When you're ready to code, follow these steps:

  1. If you haven't done so yet, go ahead now and fork the Montecristo repository into your own Github account and clone it on your machine. That's how you'll be able to make contributions, you cannot push directly to the main repository, but you can open a Pull Request for your branch when you're ready.

  2. From your fork, create a new local branch where you'll make changes. Give it a short, descriptive, name. If there's an associated issue open, include its number as a prefix, #issue-name, for example: 10-fix-bug-xyz.

  3. Make the changes you want locally and validate them with the test tools provided. Push the updated code to the remote branch in your fork.

  4. Finally, when you're happy with your edits, open a Pull Request through the GitHub UI.

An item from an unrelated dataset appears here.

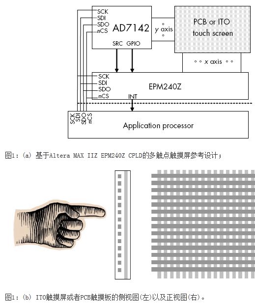 参考设计有一个简单的数据解释程序,演示并测试多触点传感器的工作。AD7142 CDC用于监测电容变化,只有14个电容传感器通道。在这一参考设计中,MAX IIZ CPLD扩展了AD7142 CDC的功能,使其能够处理两维ITO薄膜和PCB触摸传感器。应用处理器通过SPI或者I2C总线访问AD7142的CDC寄存器文件,将MAX IIZ CPLD的SRC信号控制设置在合适的轴上。长时间暂停后,触摸屏监测到一次触摸时,MAX IIZ CPLD会产生一个中断信号。

  5. The automated tests in GitHub Actions will kick in and in a few minutes you should have some results. If any of the checks fail, take a look at the workflow logs to understand what happened. You can push more commits to the PR until the problem is resolved, the checks will run again.

  6. Once all checks are passing, your PR is ready for review and the members of the Montecristo community will start the process. You may be asked to make further adjustments, this is an iterative process, but in the end if everything looks good, we will be able to merge the PR to the main branch.

Running Unit Tests

The main tests of the project are located under the montecristo folder. These tests are meant to run very quickly with no external dependencies.

To run the unit tests, go the montecristo folder within the project in a terminal window and execute the following command:

$ ./gradlew test

It will show the tests run within the console and if any test fail, it will report the failure.

Make sure you add tests to your PR if you're making a major contribution.

Debugging

There are two ignored tests which are present in the code for the purposes of debugging Montecristo against complete tarballs. In the test/kotlin/com.datastax.montecristo/commands folder, you will find 2 test classes.

Each of these can be quickly configured to point to a folder with the results of a diagnostic collection.

  • GenerateDiscoveryReportTest - this is used to run the report generation part, and will parse all files (except logs and JMX) in providing output.
  • GenerateMetricsDBTest - this is used to test the parsing / loading of the JMX metrics and log parsing for the lucene search index.

To use these in debugging, remove the @Ignore annotation and change the jira variable to the correct path.